» **PROMPT**
Your answer must be the exact lines of the listing below that run from the line with "介護機器メーカー、介護サービ" to the line with "- 一张图片和 条文本组成负样本。", ends included, and no pictures.

» **RECORDS FOR THIS TASK**

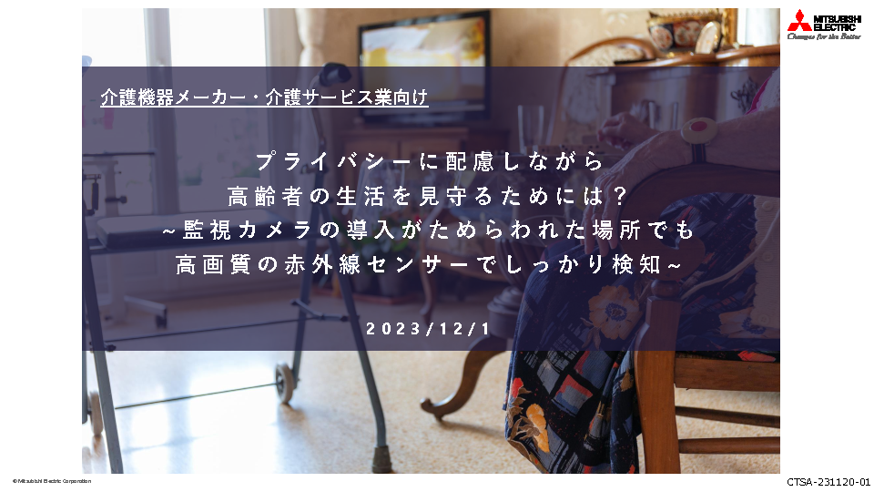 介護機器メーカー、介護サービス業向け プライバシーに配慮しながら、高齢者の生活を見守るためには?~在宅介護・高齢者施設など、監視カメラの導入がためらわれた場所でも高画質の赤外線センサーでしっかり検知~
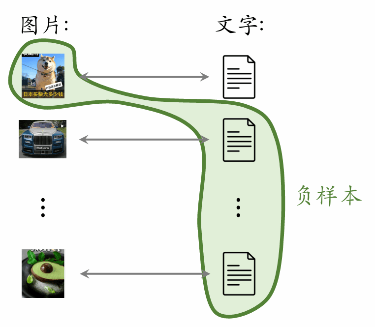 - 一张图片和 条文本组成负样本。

==

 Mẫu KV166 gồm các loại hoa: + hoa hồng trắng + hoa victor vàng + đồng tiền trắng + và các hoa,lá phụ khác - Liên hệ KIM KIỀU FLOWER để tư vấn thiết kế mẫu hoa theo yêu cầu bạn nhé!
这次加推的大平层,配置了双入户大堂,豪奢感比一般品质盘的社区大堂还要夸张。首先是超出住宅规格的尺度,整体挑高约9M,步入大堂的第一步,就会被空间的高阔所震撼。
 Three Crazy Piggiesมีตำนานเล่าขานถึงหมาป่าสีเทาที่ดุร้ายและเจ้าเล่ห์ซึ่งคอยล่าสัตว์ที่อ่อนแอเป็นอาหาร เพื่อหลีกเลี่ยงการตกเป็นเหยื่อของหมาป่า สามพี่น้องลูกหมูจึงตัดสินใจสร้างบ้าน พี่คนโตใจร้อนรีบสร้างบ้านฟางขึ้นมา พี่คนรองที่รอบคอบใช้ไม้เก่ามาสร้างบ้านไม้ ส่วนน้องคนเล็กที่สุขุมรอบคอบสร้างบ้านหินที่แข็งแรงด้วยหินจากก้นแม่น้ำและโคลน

» **RESPONSE TO THE EXERCISE**
 介護機器メーカー、介護サービス業向け プライバシーに配慮しながら、高齢者の生活を見守るためには?~在宅介護・高齢者施設など、監視カメラの導入がためらわれた場所でも高画質の赤外線センサーでしっかり検知~
 - 一张图片和 条文本组成负样本。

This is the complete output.